Decision making is among the more natural tasks for an algorithm. For one thing, it's a way of cutting through all of the bullshit biases, faulty memories, and emotional noise of human brains; the archetypal two-columns-on-scratch-paper, pros vs. cons process of choosing could be considered an algorithm, but as things get more computational, decision-making algorithms get complex fast.
A number of formal decision-making algorithms (or algorithms that can aid in decision-making) depend on probabilistic reasoning. One particular group is helpful in problems involving the so-called exploration-exploitation dilemma, which is essentially an optimization problem that attempts to balance the costs of acquiring new information with those of using existing knowledge ("free" information). A decision maker can explore some outcome a number of times, formulating a better and better probabilistic estimate of that outcome occurring given an actual decision, but that requires time and effort, yielding better guesses but still never total certainties.
"Our results imply that efficient decision-making based on single photons could become a reality in the future"
Included in this collection are a lot of kind of difficult computations, including the Tug-of-War, softmax, and upper confidence bounds algorithms.

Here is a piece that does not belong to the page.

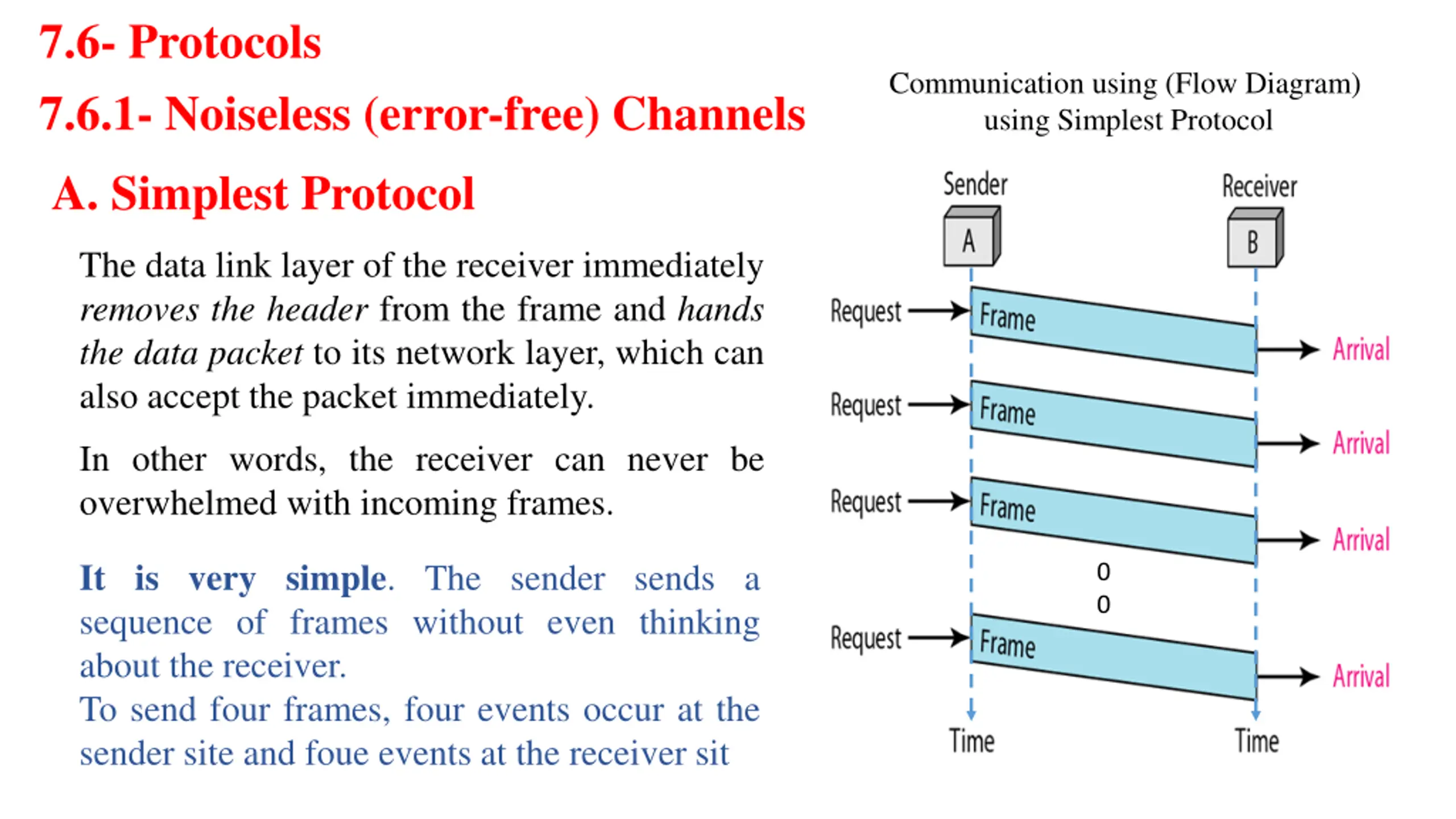 7.6- Protocols 7.6.1- Noiseless (error-free) Channels A. Simplest Protocol Communication using (Flow Diagram) using Simplest Protocol The data link layer of the receiver immediately removes the header from the frame and hands the data packet to its network layer, which can also accept the packet immediately. In other words, the receiver can never be overwhelmed with incoming frames. It is very simple. The sender sends a sequence of frames without even thinking about the receiver. To send four frames, four events occur at the sender site and foue events at the receiver sit 0 0
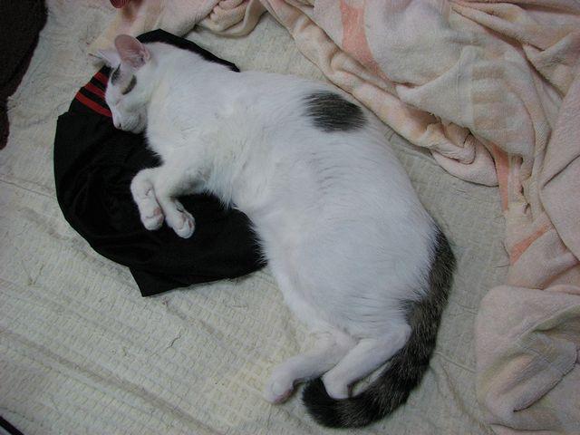 今日は、夫の布団の上で、人の洋服を枕にすやすや。

Probability is messy in algorithms, generally, but information researchers at the Néel Institute in Grenoble and the National Institute of Information and Communications Technology in Tokyo have devised an unlikely alternative: using the probabilistic nature of quantum particles to aid in computational decision-making.
The group's work is described in a recent issue of the journal Scientific Reports. "The present study aims to physically implement decision making using the intrinsic quantum attributes of single photons," they write. "The need to make accurate decisions in uncertain, dynamically changing environments appears in all aspects of life. Which stock should I buy? Which option should I take in the next move in a board or electronic game?"
The classic illustration of exploration-exploitation is the multi-armed bandit problem. A gambler is presented with a row of slot machines (which are sometimes referred to as "one-arm bandits") and given the task of choosing which machines to play, how often to play them, and what order to play them in. Every time the gambler pulls a machine's lever, they receive a random reward according to a probabilistic distribution inherent to that machine. The dilemma is of whether to gain new information about the machines (their reward probabilities) or to exploit the information the gambler already has from previous pulls. What will result in the most winnings?
The gambler should maybe just ask some photons. Photons, which are the quantized or particle forms of light, have the property of polarization. They are either polarized vertically or they are polarized horizontally. If we fire some photons at a polarizing beam splitter, we can ensure a 100 percent probability of finding horizontally polarized photons if we use a horizontally oriented filter, or a 100 percent probability of finding vertically polarized photons if we use a vertical filter. This seems obvious, but the weird thing is what happens when the filter is oriented between vertical and horizontal, e.g. at 45 degrees. The result aren't diagonally-polarized photons slipping through, but even odds of vertical and horizontal photons.
To model the bandit problem, the researchers started out with the 45 degree orientation (even odds), and every time a vertical photon registered, the orientation was shifted a bit toward vertical, and vise versa. So, now we just swap horizontal/vertical for machine 1/machine 2. As more photons are fired and more machine handles are pulled, a feedback loop continually refines the problem, ensuring an ideal balance between exploration and exploitation. It's pretty clever.
"Our results imply that efficient decision-making based on single photons could become a reality in the future and potentially impact a wide range of information and communication technologies," co-author Aurélien Drezet tells NanotechWeb. "This is because the 'multi-armed bandit' problem is in fact at the foundation of many important applications, including, for example, frequency assignment in wireless communications and web advertising, to name but two."